I am new to Python so can't really figure it out. I want to change my 'Class' column in DataFrame 'data' so that values '<=50K' are replaced with 0 and values '>50K' are replaced with 1 so I don't get an error of type mismatch while clustering.
I have tried to do so in the following snippets:
data.replace(to_replace='<=50K',value=0)
data.replace(to_replace='>50K',value=1)
and
data.replace(to_replace='<=50K',value=0, method ="ffill", inplace=True)
data.replace(to_replace='>50K',value=1, method ="ffill", inplace=True)

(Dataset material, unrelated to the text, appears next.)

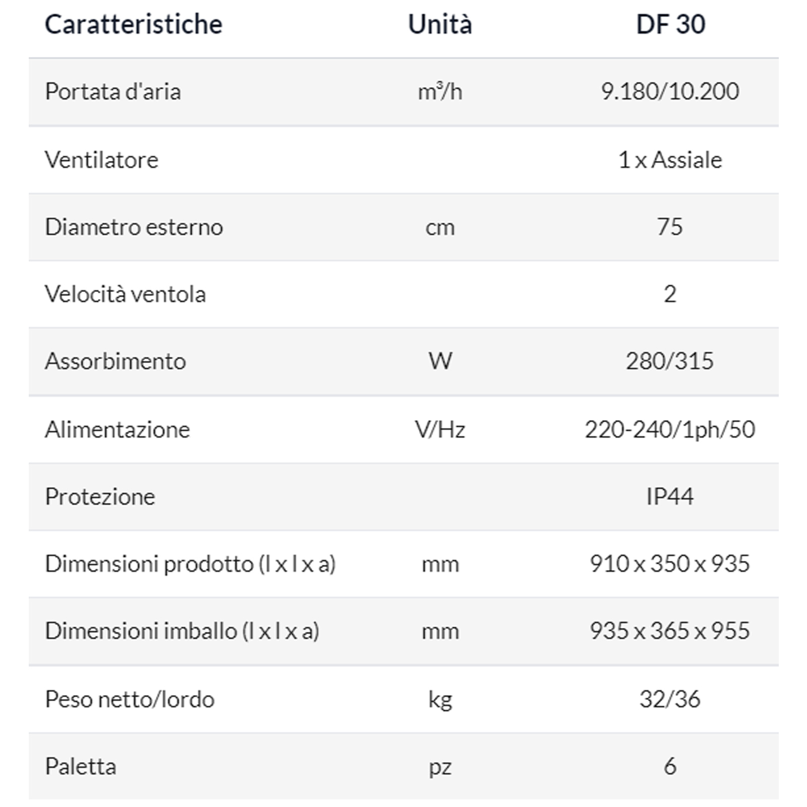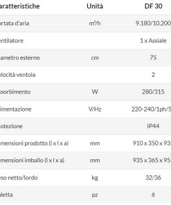 Ventilatore Industriale ad Alta Portata 10.200 m³/h MASTER Portatile Orientabile 2 Velocità in Acciaio modello DF 30P

Any approach to achieve goal other than replacing the string values with integers for clustering will be much appreciated as I cannot think of any other way.
CodePudding user response:
Use a dictionary as reference for replace
:
df = pd.DataFrame([['<=50K', '>50K'],
['a', '<=50K']])
# 0 1
# 0 <=50K >50K
# 1 a <=50K
df = df.replace({'<=50K': 0, '>50K': 1})
output:
0 1
0 0 1
1 a 0
If acting on a single columns, use map
:
df[0] = df[0].map({'<=50K': 0, '>50K': 1})
To handle missing values with a default:
d = {'<=50K': 0, '>50K': 1}
df = df.applymap(lambda x: d.get(x, -1))
output:
0 1
0 0 1
1 -1 0
CodePudding user response:
You can do:
# if only one column:
df['Class'].apply(lambda x: 1 if x=='<=50K' else 0 if x=='>=50K' else x)
# or if you want to apply on the whole dataframe:
df.applymap(lambda x: 1 if x=='<=50K' else 0 if x=='>=50K' else x)
CodePudding user response:
From your image, you didn't assign the replaced value to original. You can do
data = data.replace(to_replace='<=50K',value=0)
data = data.replace(to_replace='>50K',value=1)
Problem why your inplace
method doesn't work is that you use the method
argument which will ignore the value
argument and use its own strategy to replace the to_replace value, you can use
data.replace(to_replace='>50K',value=1, inplace=True)